Demonstrations
Twirled Affordances, Self-Conscious Avatars, & Inspection Gestures
We explore the potential of self-conscious avatars, not in the sense of self-aware artificial intelligence, but rather figurative projections that not only display real-world data in mixed virtuality environments but also automatically accommodate virtual camera position to maintain visual and logical consistency with human users. Like television or movie actors who adjust their pose to complement a camera point-of-view, our avatars are aware of virtual camera position, and, by implication, the projection mode of an active human pilot assumed to be visually monitoring the scene- typically via projected, dorsal “tethered” perspectives or reflected, frontal “mirror” perspective.
Avatars and virtual objects in our “Tworlds” scenes, including virtual cameras, are rigged to be driven by such twirling mobile devices. A unique feature of the rigging is that the avatars are strategically ambidextrous: although a human player typically uses a particular hand for twirling, as the viewpoint moves around, the puppets dynamically switch hands, even while a prop is whirling, to allow intuitive visual and logical alignment by the human user facing a monitor.
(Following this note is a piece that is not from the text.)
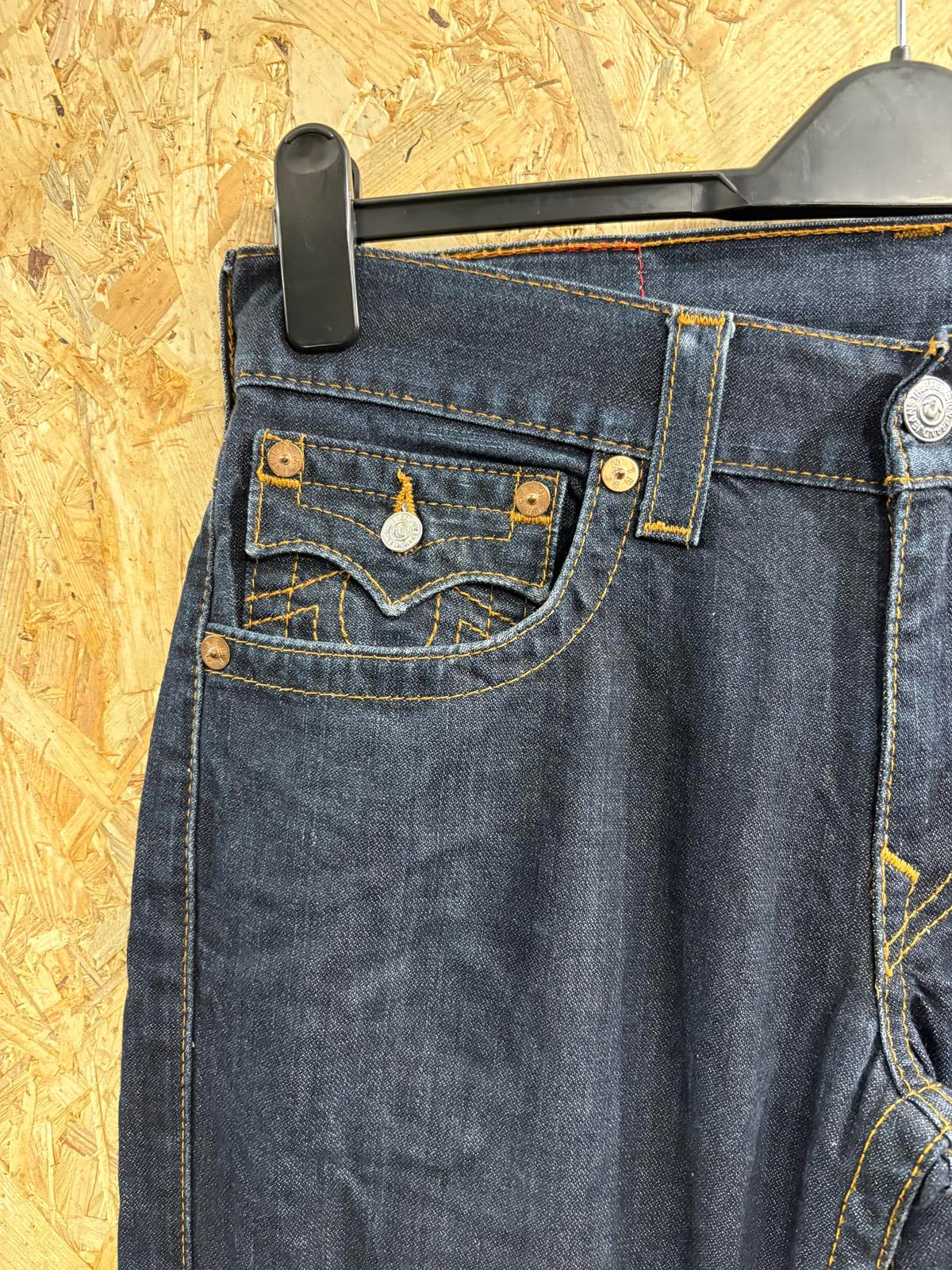 True Religion Jeans W31 L34 Men Straight Leg Navy Blue Denim Zip Fly

By synchronizing rotation about its axis with revolution around an object of regard, such as the avatar projection of a human pilot, a phase-locked virtual camera expresses an “inspection gesture,” like the tidally locked moon orbiting the Earth. When the virtual camera is in front of it, a self-conscious avatar presents itself as a reflected image of the user, and when the camera circumferentially swings behind, the same avatar manifests a classic "FPS" (first- person shooter) projection of the user. Our adaptive Tworlds application leverages the alignment of the locally horizontal orientation of compass-derived yaw data, the symmetrically bilateral anatomy of humans and figurative avatars, and the horizontal orientation of an inspection or spin-around gesture.